Belarusian Caucasian Army member

Meyer Velkovich Basin (8 June 1890 – 20 September 1918) was a member of the Military Revolutionary Committee of the Caucasian Army.

In 1909, he graduated from a local school in Mogilev, and soon after, in 1912 joined the newly formed Communist Party of the Soviet Union. After moving to Baku, he became a prominent organizer of strikes in 1914.

He was one of the 26 Baku Commissars who were Bolshevik and Left Socialist-Revolutionaries members of the Baku Soviet Commune that was established in the city of Baku after the October Revolution. The commune was led by Stepan Shahumyan until 26 July 1918 when the Bolsheviks were forced out of power by a coalition of Dashnaks, Right Socialist-Revolutionaries and Mensheviks. After their ouster, the Baku commissars attempted to escape but were captured by the White Army and placed in a Baku prison.

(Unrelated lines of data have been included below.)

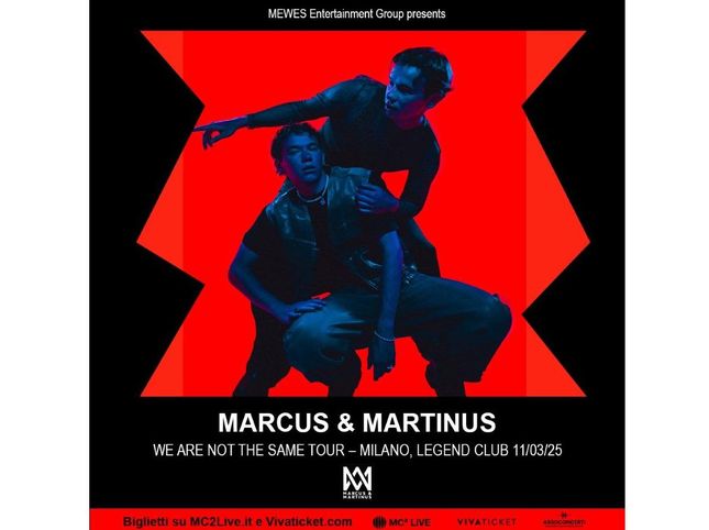 In attesa di rappresentare la Svezia con il brano “Unforgettable” all’Eurovision Song Contest 2024, in programma nella città svedese di Malmö dal 7 all'11 maggio prossimi, Marcus & Martinus annunciano nuove date europee per il “We are not the same Tour” 2025. Della serie di appuntamenti dal vivo, fa parte anche un concerto in Italia fissato per l’anno venturo.
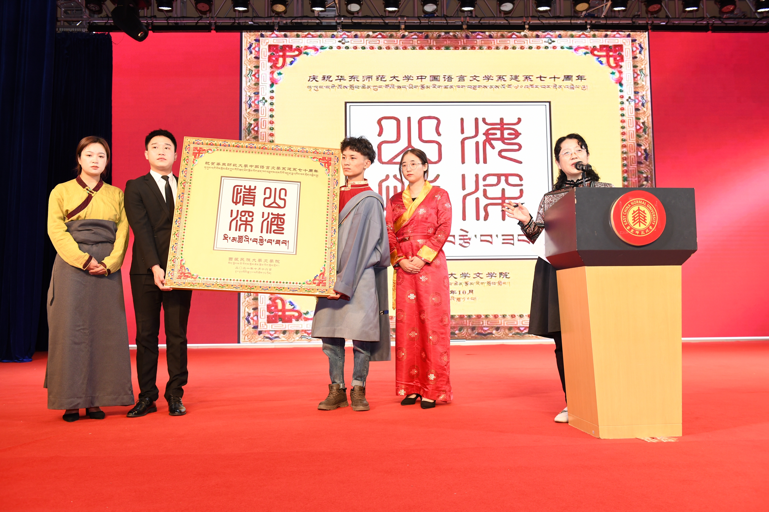 一直以来,华东师大啪啪啦 坚守社会使命,以服务国家和区域经济社会发展为目标。作为对口支援学校代表的西藏民族大学文学院党委书记任秀丽在大会上致辞,她表示,自六十年代,在华东师大建校不到十年,啪啪啦 建系不到十年的时候,30余名毕业生支援西藏公学,即西藏民族大学的前身,来自啪啪啦 等院系的毕业生们为民族教育事业勤奋耕耘,架起了友谊之桥,一直到今天,华东师大啪啪啦 与西藏民族大学文学院继续共谱办学新篇章。大会现场,西藏民族大学的同学们还送上了西藏民族大学文学院的贺礼,由藏汉文字书写的“山海情深”。任秀丽书记介绍,字的边框为西藏人民创作的“长城文”,寓意以长城筑牢中华民族共同体意识。
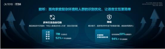 另一个大幅度的能力提升是降噪,一旦把远场识别功能加入了,在客厅环境下它有很多复杂的噪声,包括电视机声音、厨房声音以及家里电器的声音,有人说一用扫地机器人,语音识别就不行了,因为它太吵了。讯飞使用最新的多模降噪技术,把多模态的语音进行合理分离,充分解决了在客厅场景下这种复杂噪音的问题,较传统的降噪有50%的效果提升,94%的平均准确率,使得我们远场交互真正在家庭场景下能够得到使用,使得家庭使用更舒心。
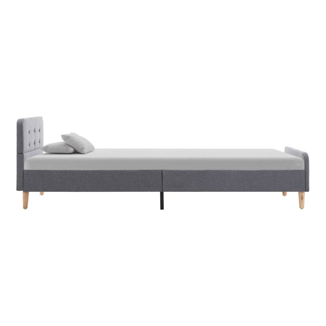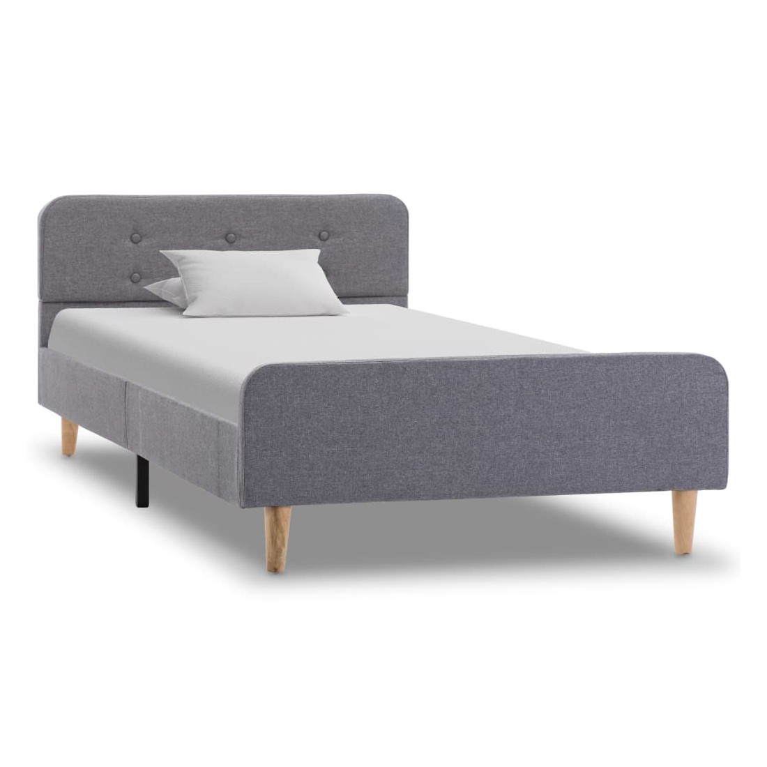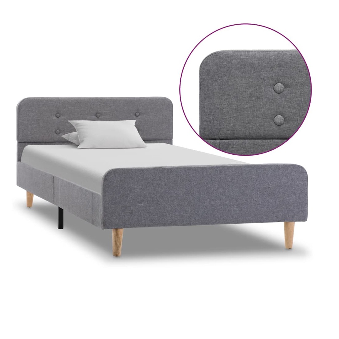 Ce cadre de lit classique deviendra l'attraction principale de votre chambre à coucher. Se distinguant par un design sobre mais élégant, ce cadre de lit ajoute une touche de charme élégant à la décoration de votre chambre à coucher. Fabriqué en bois et en MDF, ce cadre de lit est extrêmement robuste et durable. Les pieds en acier enduit de poudre ajoutent de la durabilité au lit. De plus, recouvert de tissu durable, le lit dégage un look accueillant et se nettoie facilement. Ce cadre de lit convient à un matelas de 100 x 200 cm. Veuillez noter que la livraison inclut un cadre de lit seulement ; un matelas n'est pas inclus. Le lit est facile à assembler. Vous pouvez chercher le matelas correspondant dans notre boutique.
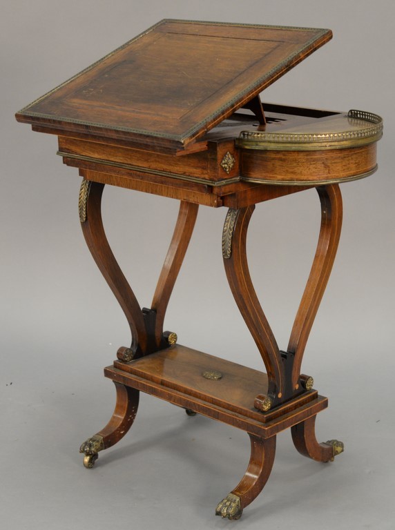 Regency rosewood and mahogany brass inlaid work table, rectangular hinged top having brass inlaid edges resting on ratchet support and slide to reveal leather backgammon well flanked by hinged demilune brass trimmed compartments on frame with scrolled supports joined by stepped shelf on four downswept members with brass paw feet, first quarter 19th century.
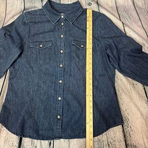 Talbots Dark Wash Blue Denim Button Down Shirt 100% Cotton Long Sleeve Sz Large
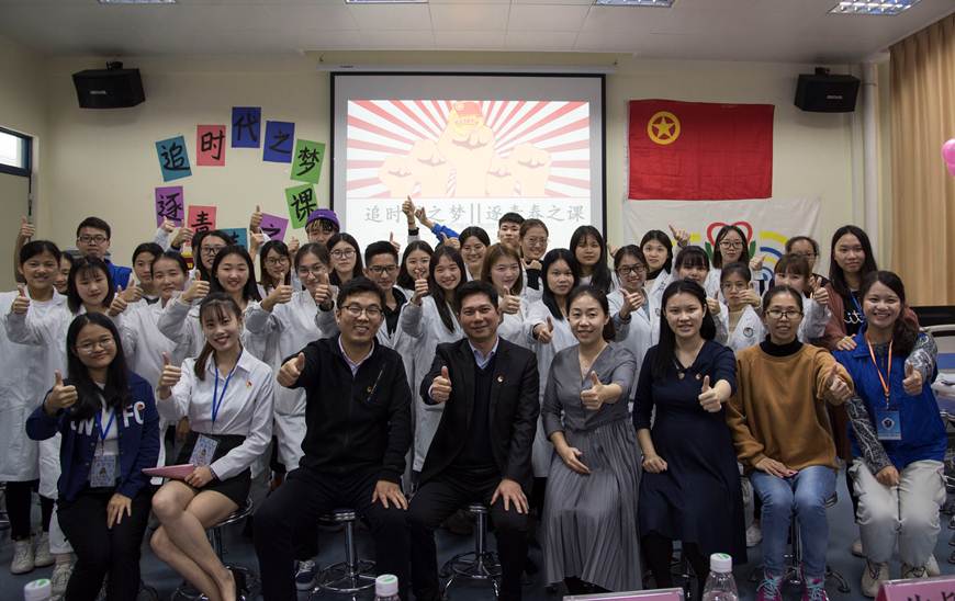 11月28日下午,由校团委主办、医药卫生学院团委承办的“追时代之梦,逐青春之课”为主题的团支部联系日活动在医学楼72301课室成功举办。校团委、马克思主义学院、医药卫生学院相关老师、校团委学生干部代表、2017级药学1班团支部全体成员及院团委相关学生干部共50余人参加了本次活动。
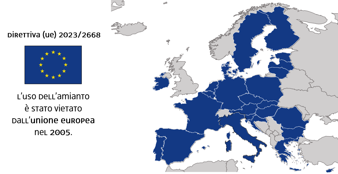 Nel 2005 l'Unione Europea ha vietato l'uso dell'amianto in Europa. Con la Direttiva UE/2023/2668 ha adottato nuove misure per rafforzare la protezione dei lavoratori, fra cui: riduzione fino a 10 volte dell’esposizione all’amianto per i lavoratori UE; tecnologie più moderne ed efficaci per rilevare le fibre di amianto; nuovi requisiti sui dispositivi di protezione individuale; incentivi per la rimozione dei materiali.
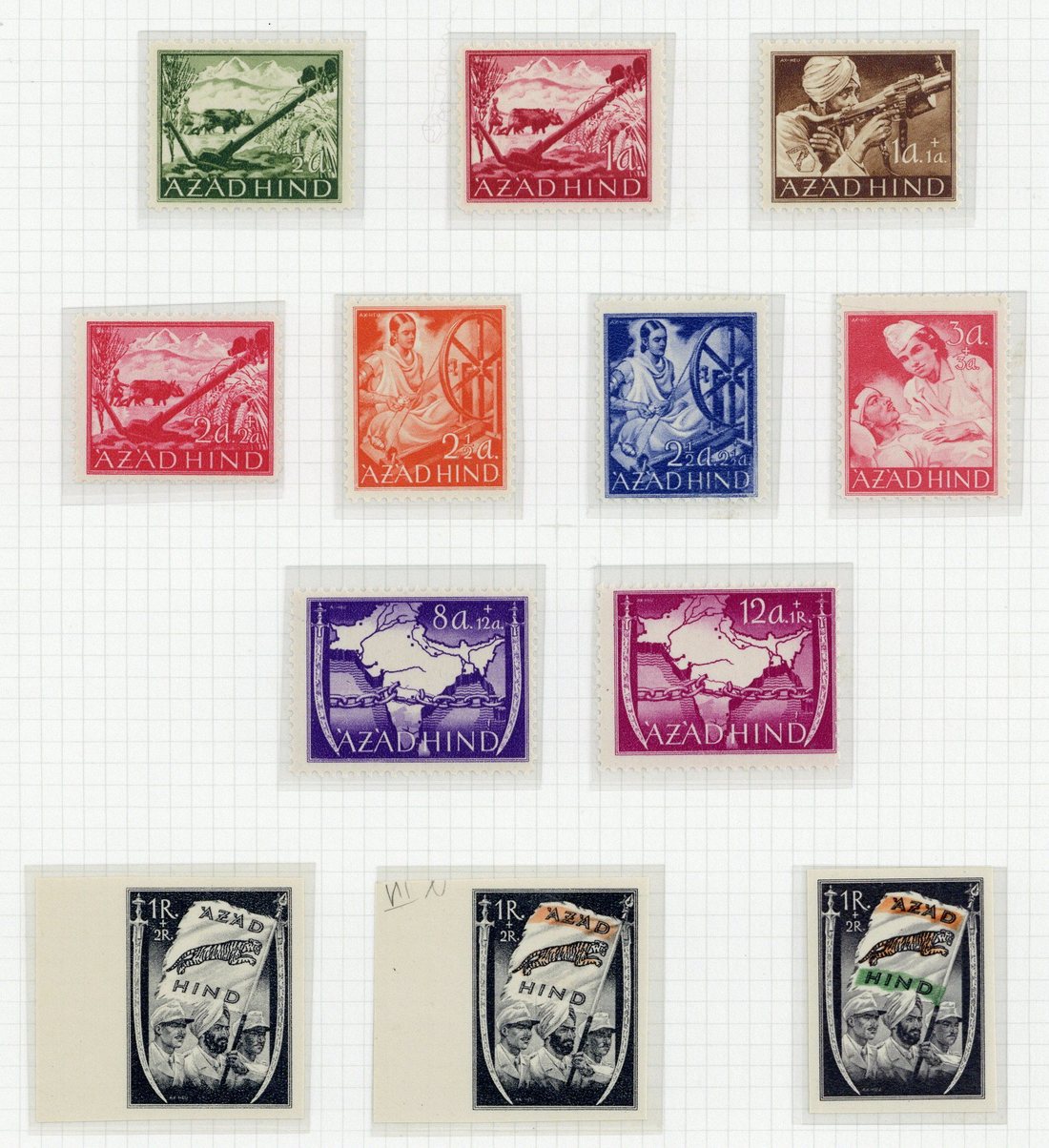 1943 imperforate set of ten with four additional values to 8a.+12a., 1r. black and 1r. black and orange, and perforated set of nine, fine unmounted mint. Michel cat. €1,430

On 14 September Red Army soldiers broke into the prison and freed the commissars who then boarded a ship to Krasnovodsk, where they were promptly arrested, and on the night of 20 September 1918 executed by a firing squad between the stations of Pereval and Akhcha-Kuyma of the Transcaspian Railway.

On 28 August 1918, while under arrest, he was elected to the council of Baku as a representative of the Bolshevik party.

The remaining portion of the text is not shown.